The present invention refers to an in-vitro method for screening specific disease biological markers accessible from the extra cellular space in pathologic tissues.

The discovery of biological markers clinically suited for the accurate detection and selective treatment of diseases represents a major medical challenge. Targeting pathologic tissues without affecting their normal counterparts is one of the most promising approaches for improving treatment efficiency and safety (Wu, A. M. & Senter, P. D. Arming antibodies: prospects and challenges for immunoconjugates.
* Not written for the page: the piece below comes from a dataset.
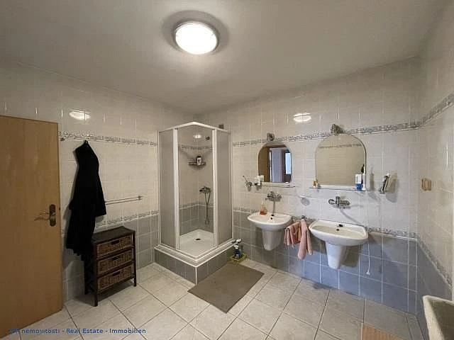 Solární panely včetně úložiště elektřiny. Zateplený dům, Úsporný provoz, Vhodný jak pro bydlení i pro podnikání. Solární panely včetně úložiště elektřiny. Praktický krb, dodá hodnotné teplo, a ekonomicky ušetří náklad na dům. V dalším patře jsou krbová kamna; Jinak centrálně si dům vyhřejete, pomocí plynového kotle. Také je zde sauna, pro regenaraci těla. Místnosti mají na podlaze lakované dřevo, což je výborná, tepelná izolace. Kanalizace, Voda, napojeno na obecní. Plus Vlastní studna na pozemku; 3. podlažní ( 2. patra), 3x koupelna; 3x WC, V 1. patře, jedna místnost má přípravu pro instalaci připojení druhé kuchyňské linky se spotřebiči. Garáž pro dvě auta. Jen 16 min. autem od města Mělník.

Nat Biotechnol 23, 1137-1146 (2005); Adams, G. P. & Weiner, L. M. Monoclonal antibody therapy of cancer Nat Biotechnol 23, 1147-1157 (2005); Carter, P. Improving the efficacy of antibody-based cancer therapies. Nat Rev Cancer 1, 118-129 (2001)). Indisputably, such advances would represent a breakthrough for the therapy of cancer and other diseases. Hence, the identification of valid biological markers including proteins specifically expressed in diseased tissues, has become of utmost importance (Hortobagyi, G. N. Opportunities and challenges in the development of targeted therapies. Semin Oncol 31, 21-27 (2004); Neri, D. & Bicknell, R. Tumour vascular targeting. Nat Rev Cancer 5, 436-446 (2005)). Yet, even the most recent target discovery strategies based on state-of-the-art, high-throughput technologies have not addressed the limitation, in human tissues, of antigen accessibility to suitable high-affinity ligands such as human monoclonal antibodies bound to bioactive molecules (Adams, G. P. & Weiner, L. M. Monoclonal antibody therapy of cancer. Nat Biotechnol 23, 1147-1157 (2005); Neri, D. & Bicknell, R. Tumour vascular targeting. Nat Rev Cancer 5, 436-446 (2005).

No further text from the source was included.